1. Stop clamoring for answers. Sure, they’ll come, but only in drips and drabs, and usually paired with a fresh batch of questions. And even though Cuse and Lindelof keep insisting that they’ve got a master plan, that every loose thread will eventually be tied up, I don’t believe them, chiefly because it’s impossible. Hundreds of little details, filed away and catalogued by obsessive followers, are bound to remain unresolved, like cowlicks that simply won’t lie down. And you, dear “Lost” fan, need start being OK with this. If you think I’m joking, go find some “X-Files” fans. Those sorry clowns are still waiting for answers, a decade after the show ended; they’re going from geek convention to geek convention trying to find them. Don’t turn out like this.
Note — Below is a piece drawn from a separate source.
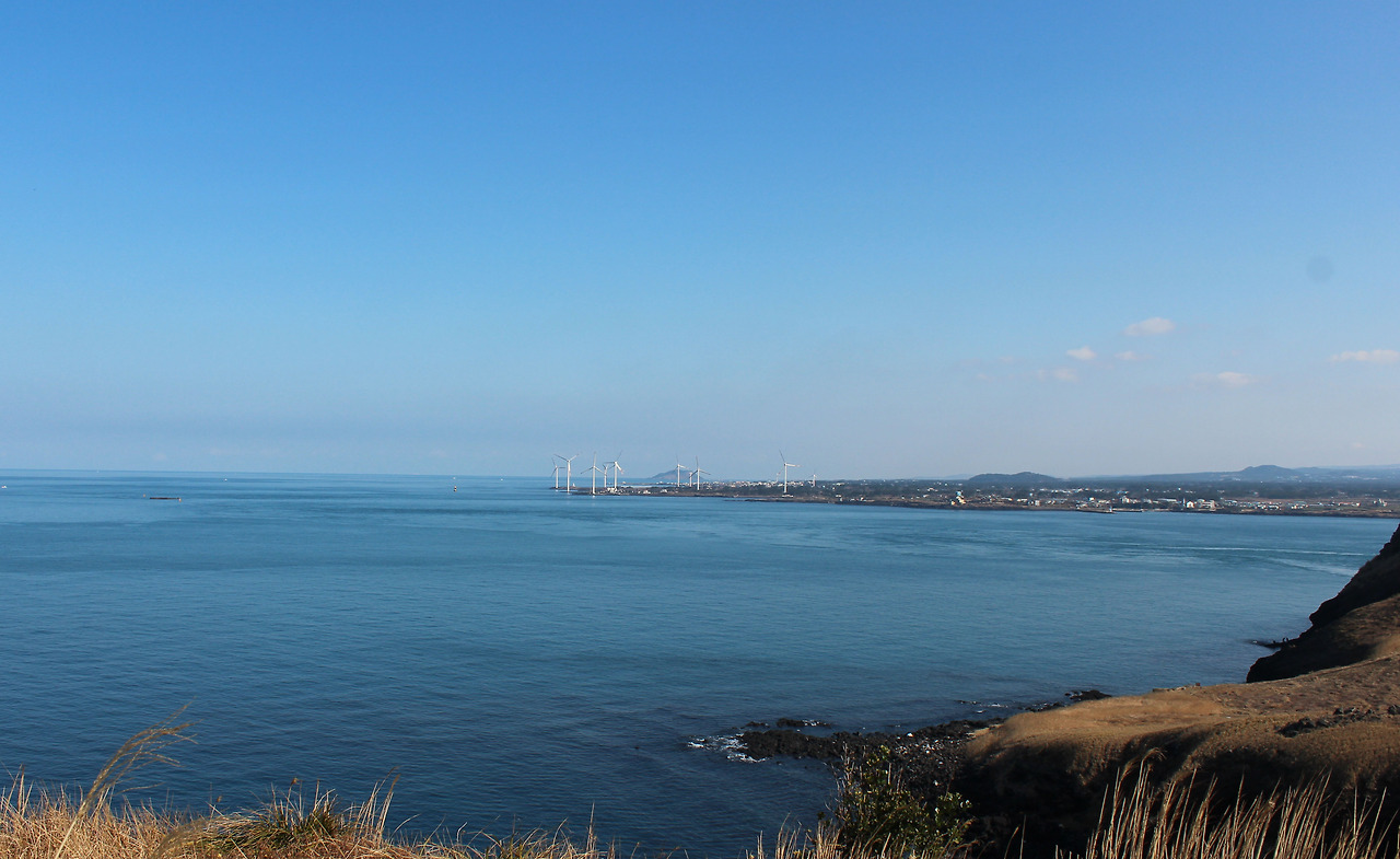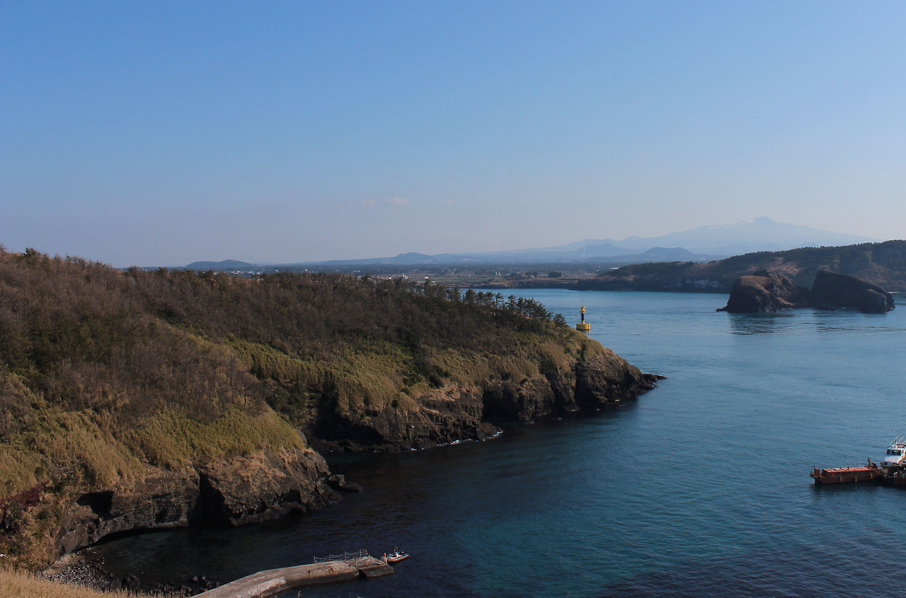 섬의 동쪽 언덕에 오르면 바다건너 한라산의 모습이 훤히 들어온다.

2. Stop trying to figure it all out. That splendid first season of “Lost” was a rare example of participatory television. The creators handed all of us the same giant puzzle and invited us to put our heads together and figure it out. Not since “Twin Peaks” had a show been so playfully engrossing. And like everyone else, I joined in, trading e-mails with friends about our grand unification theories of “Lost.” But at some point during the second season, as the effort began to seem futile, my head started to hurt and I gave up. Smartest thing I ever did. For me, “Lost” has gone from active television to passive television, and I’m much happier this way. My advice: pick a theory, either the “Wizard of Oz” theory (they’re all dreaming) or the “Sixth Sense” theory (they’re all dead), and stick to it until you hear otherwise. You’re probably wrong, but you’ll sleep easier.
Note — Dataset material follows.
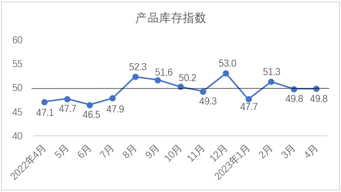 4月,產(chǎn)品庫存指數(shù)為49.8,與3月持平,表明產(chǎn)品庫存水平無明顯改善。隨著前期訂單逐步完成交貨,棉紡織企業(yè)出貨減緩,紗布產(chǎn)品庫存開始增加。整體看,織造企業(yè)庫存水平好于紡紗企業(yè)。從構(gòu)成產(chǎn)品庫存指數(shù)的分項指標看,紗庫存量指數(shù)為49.7,較3月下降0.3;布庫存量指數(shù)為50.0,較3月上升0.5,可以看出坯布庫存維持在景氣水平。

3. Just watch the darn show. If “Lost” is no longer revolutionary in form, it’s still well-made television: great characters, nice writing, cinema-quality storytelling and, especially, first-rate acting. If you stop expecting the whole to be greater than the sum of its parts, the parts can still satisfy. Take Wednesday night’s episode, the first in a nonstop sprint to the season’s May finale. It’s the backstory of the Queen Other, Juliet, played by the delightfully placid Elizabeth Mitchell, and though we learn a ton about her during this hour, it’s still a mystery whose side she’s really on and what her angle is. But the episode is nevertheless engaging, emotional and, in small doses, enlightening. And even though there are way too many characters on “Lost”—remember John Locke? What happened to him?—that doesn’t mean the new ones aren’t exquisitely crafted. Consider what we do know about Juliet: she’s either a ruthless, stone-cold Lady Macbeth … or Jack’s new love interest. That’s quite a gulf of possibilities and, as usual with this cast, Mitchell makes it fly. So instead of trying to guess which way the writers are going to swerve, just watch the darn thing. You’ll enjoy it more—I promise.
Couldn't agree more.
Winter is Coming.
I don't think LOST has dipped in quality in the slightest, and I have loved the 3rd season so far. And we get answers to questions all the time! What's in the hatch? What happens when you don't press the button? Are there others? What caused the plane to crash?
The only mystery i'm afraid they'll never answer, is just HOW THE HELL DID THAT SHIP GET ON THE ISLAND!?
You know, the ship with the dynamite.